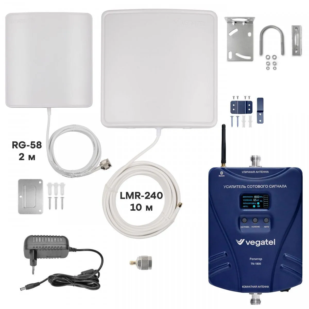 Комплект VEGATEL TN-1800 усиливает 2G и 4G сигналы всех сотовых операторов на частоте 1800 МГц и решает проблему нестабильного мобильного интернета и сотовой связи на объектах до 350* кв.м: в квартирах, домах и коммерческих строениях.
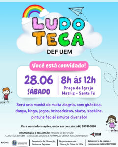Um evento gratuito promovido pelo projeto de extensão Ludoteca da UEM, com o apoio da Prefeitura Municipal de Santa Fé e da Secretaria de Educação, Cultura e Esportes.
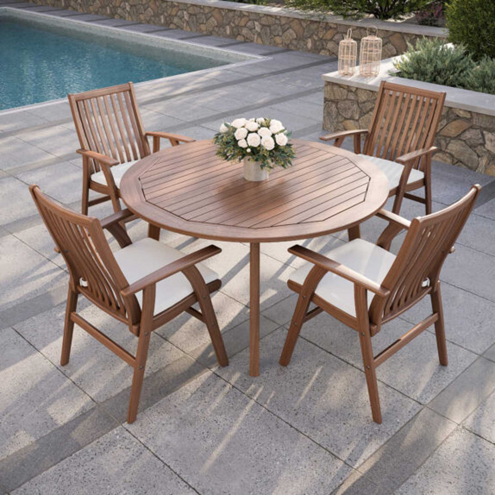 - Round dining table frame is constructed from 100% FSC®-certified Ipe timber harvested sustainably from sustainably managed dry-tropical forests in Boliva.
::::
* Aim of the exercise *
Return the full listing exactly as written, without any of its images.

* Response to the exercise *
 Комплект VEGATEL TN-1800 усиливает 2G и 4G сигналы всех сотовых операторов на частоте 1800 МГц и решает проблему нестабильного мобильного интернета и сотовой связи на объектах до 350* кв.м: в квартирах, домах и коммерческих строениях.
Um evento gratuito promovido pelo projeto de extensão Ludoteca da UEM, com o apoio da Prefeitura Municipal de Santa Fé e da Secretaria de Educação, Cultura e Esportes.
 - Round dining table frame is constructed from 100% FSC®-certified Ipe timber harvested sustainably from sustainably managed dry-tropical forests in Boliva.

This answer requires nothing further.